Now, in the lists of prices given in our newspapers we often see the letters x. d., x. r., ex. new, cum. div., cum. rts., etc., and these letters are a great source of perplexity to the novitiate in speculation and investment. Briefly, therefore, it may be explained that x. d. means exclusive of dividend; x. r., exclusive of rights; ex. new, exclusive of new shares; cum. div., inclusive of dividend; and cum. rts., inclusive of rights, etc. That is to say, if we buy shares that are quoted x. d. we are not entitled to receive the dividend that has recently been declared upon them, but if the shares are quoted cum. div., then it means that we are entitled to the dividend. We may take it, however, that when a share is not quoted x. d. we really buy them cum. div.; that is to say, we buy them with all the privileges attached to them.

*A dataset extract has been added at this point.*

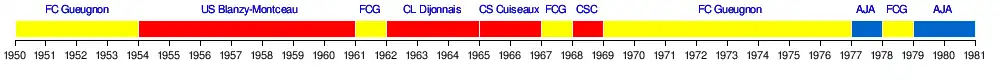 - Domination depuis 1919, en Bourgogne-Franche-Comté jusqu'en 1947, puis Bourgogne jusqu'en 2016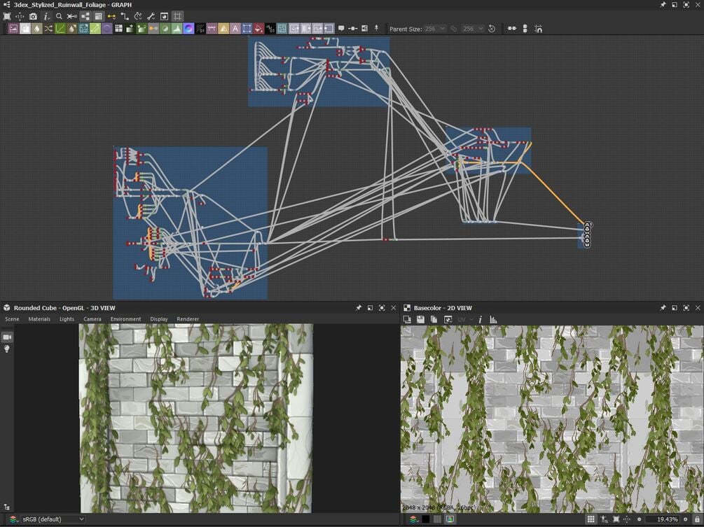 Stylized Ruin Wall with Foliage - Substance 3D Designer

The moment, however, that any share is officially declared on the Stock Exchange x. d., even though we may buy them a few minutes afterwards, we buy them without the dividend; but as the amount of the dividend is deducted from the price, we really get the equivalent of it by paying a lower price for the share. For instance, suppose a certain share is quoted 3 3/4 on the eve of the declaration of a dividend, then, if we buy those shares we are entitled to the dividend; and supposing the dividend is at the rate of 5s. per share, or 25 per cent., then the dividend is immediately deducted from the price, and the shares are quoted 3 1/2 x. d.
In that case, therefore, the seller gets his dividend, but gets a lower price for his share if he sells immediately afterwards, whilst the buyer, as I have said, gets the equivalent of the dividend in another way. As time goes on, however, the price improves again, and once more reaches 3 3/4, or even a higher figure, according to the prospects of the company or the demand for the shares. If only another 25 per cent. is likely to be paid at the end of the twelve months, it may go no higher, but if a 50 per cent. is expected, then, of course, the price will correspondingly advance.